Directions for this task
From the entries that follow, copy exactly the lines beginning at the line holding "In general, the" and continuing through the line holding "Im 1,4 Hektar".
Raw data: Begin
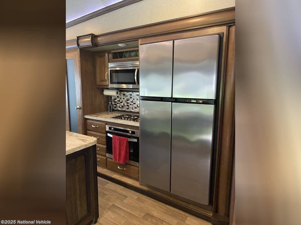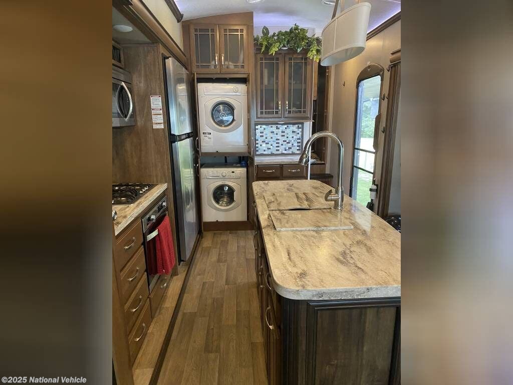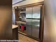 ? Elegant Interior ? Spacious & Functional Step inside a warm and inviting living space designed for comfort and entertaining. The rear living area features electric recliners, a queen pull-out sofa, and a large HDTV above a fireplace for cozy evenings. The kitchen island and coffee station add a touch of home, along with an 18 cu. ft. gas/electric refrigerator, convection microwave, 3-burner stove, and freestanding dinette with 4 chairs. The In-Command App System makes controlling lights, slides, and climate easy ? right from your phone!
Raw data: End
Raw data: Begin
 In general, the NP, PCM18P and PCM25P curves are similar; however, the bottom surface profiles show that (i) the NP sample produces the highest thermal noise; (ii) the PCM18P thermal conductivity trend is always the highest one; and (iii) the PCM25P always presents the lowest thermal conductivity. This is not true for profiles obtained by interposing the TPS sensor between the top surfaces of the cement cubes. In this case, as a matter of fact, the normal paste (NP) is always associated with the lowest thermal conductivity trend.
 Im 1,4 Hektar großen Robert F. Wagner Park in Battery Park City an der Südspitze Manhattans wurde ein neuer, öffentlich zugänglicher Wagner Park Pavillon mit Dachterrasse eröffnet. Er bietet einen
Raw data: End
Exercise output
 In general, the NP, PCM18P and PCM25P curves are similar; however, the bottom surface profiles show that (i) the NP sample produces the highest thermal noise; (ii) the PCM18P thermal conductivity trend is always the highest one; and (iii) the PCM25P always presents the lowest thermal conductivity. This is not true for profiles obtained by interposing the TPS sensor between the top surfaces of the cement cubes. In this case, as a matter of fact, the normal paste (NP) is always associated with the lowest thermal conductivity trend.
 Im 1,4 Hektar großen Robert F. Wagner Park in Battery Park City an der Südspitze Manhattans wurde ein neuer, öffentlich zugänglicher Wagner Park Pavillon mit Dachterrasse eröffnet. Er bietet einen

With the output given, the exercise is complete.